● Dataset extract:
========

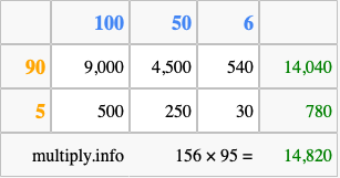 Below is an illustration showing you how to calculate 156 times 95 using the box method, using the instructions above.
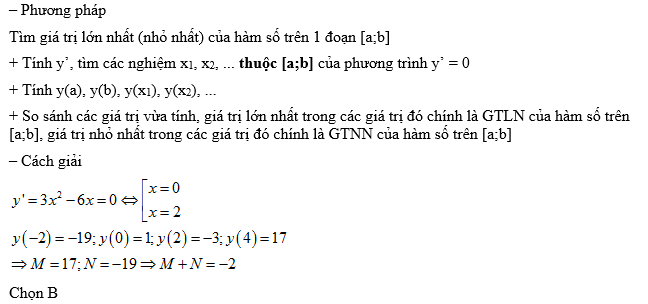 Gọi M, N lần lượt là giá trị lớn nhất và giá trị nhỏ nhất của hàm số y = x3 – 3x2 + 1 trên đoạn [-2;4]. Tính tổng M + N.
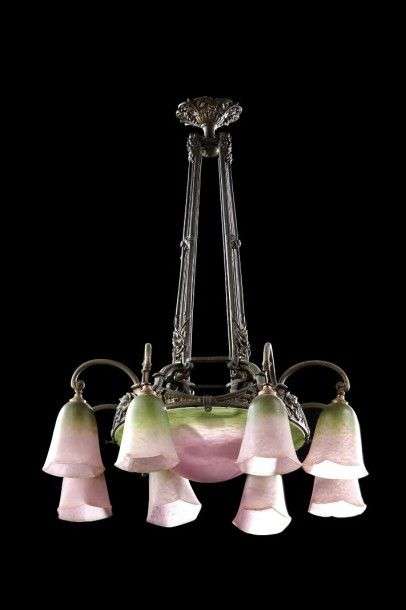Lustre à armature en laiton à patine verte présentant huit bras de lumière à décors de motifs floraux enserrant une casque centrale et huit tulipes en verre marmoréen rose nuancé vert. Signé «Schneider». Vers 1920. H: 80 cm Diam: 53 cm
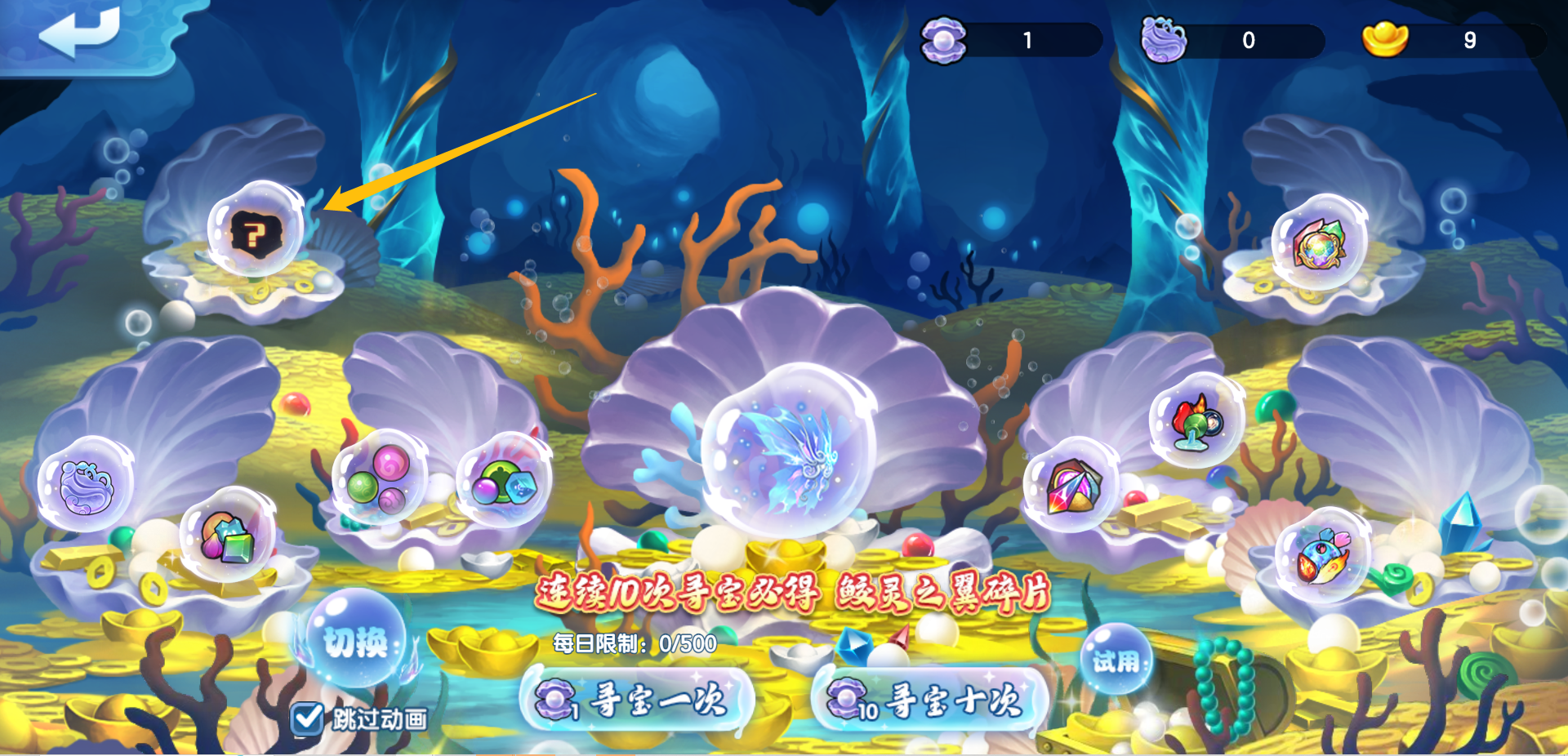 每次寻宝需要消耗1枚【东海宝珠】,在寻宝期间将有机会获得所选大奖碎片(连续10次必定获得)、【珊瑚宝玉】或其他道具奖励。点击寻宝页中的奖励球可以查看奖励预览~

========

● What to produce: Begin at the line containing "Lustre à armature" and stop at the last line of the data. Repeat only those lines, exactly, and leave out the pictures.

● Reply:
Lustre à armature en laiton à patine verte présentant huit bras de lumière à décors de motifs floraux enserrant une casque centrale et huit tulipes en verre marmoréen rose nuancé vert. Signé «Schneider». Vers 1920. H: 80 cm Diam: 53 cm
 每次寻宝需要消耗1枚【东海宝珠】,在寻宝期间将有机会获得所选大奖碎片(连续10次必定获得)、【珊瑚宝玉】或其他道具奖励。点击寻宝页中的奖励球可以查看奖励预览~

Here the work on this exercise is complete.